C'mon you can't be serious. No liberal thinks that. You're arguing w/ a strawman.

quote:

Huh? Unless you mean liberal in the classical sense...


I meant more like neoliberal given that Alan Greenspan was one of her most ardent admirers. It is the inverse of the liberal/conservative divide in American politics.
Posted by CHSgc
Charleston, SC
Member since Oct 2012
1658 posts
Posted on 2/5/13 at 12:18 pm to
quote:

This is the slippery slope. How much freedom is too much? How much of a safety net is required?

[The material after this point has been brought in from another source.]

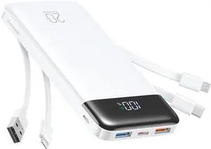 JAYSUING 20000mAh Portable Charger with Built in Cables, 22.5W Travel Power Bank Fast Charging, USB C Cell Phone Battery Pack for iPhone 16/15/14/13/12/11 Series, iPad, Samsung, Android, Tablet

Well our form of gov't is an attempt to answer those tough questions. For better or worse, democracy gives the people the gov't they deserve. We can debate how much of a social safety net is needed and be existentially apprehensive that we're destroying our nation in some way b/c we decided to give too much or too little to the poor but that's missing the big picture: which is that we have a govt that allows these tensions to be reconciled through spirited public debate and which usually produces a result that contains input from all sides. So while we're unlikely to ever get a perfect result, we're usually guaranteed that we'll never get an extreme result (which usually produces catastrophe).
Posted by aggressor
Austin, TX
Member since Sep 2011
8714 posts
Posted on 2/5/13 at 12:22 pm to
quote:

Ayn Rand had it so figured out that she ended up a wretched woman who died alone. That's what happen when you spend your life rationalizing a system that is designed to increase your own happiness and treats empathy and compassion as immoral. You end up a selfish miserable hag that nobody wanted to be around.

Sure, she said you were free to be empathetic and compassionate if that was your thing, but you were essentially wasting your time in her world. I suppose she's right in a vaccum where your mission in existence is to simply keep breathing, but reality proves different. We are social creatures and depend on our interactions and leveraging off each other for survival and happiness. If it's all about me, you are going to run into problems.

Disagreeing her doesn't make you a commie simply because she opposed communism. What kind of logic is that? Her extreme of individualism can be just as dangerous as the other extreme of communism. The common denominator between both is man - who can be a selfish greedy bastard and make life terrible for the masses by colluding with other selfish greedy bastards under the guise of "liberty" or by colluding with selfish greedy bastards and call it "government".


Actually Rand ended up a lot happier than a lot of great philosophers. Marx was miserable as was Neitzsche. Rand only died "alone" because her husband died before her. She still had friends and followers in her later years. She had a messed up personal life because she had some bizarre ideas about open marriage and had some lesbian tendencies and honestly I think some of the demons she had from growing up in Russia never left her.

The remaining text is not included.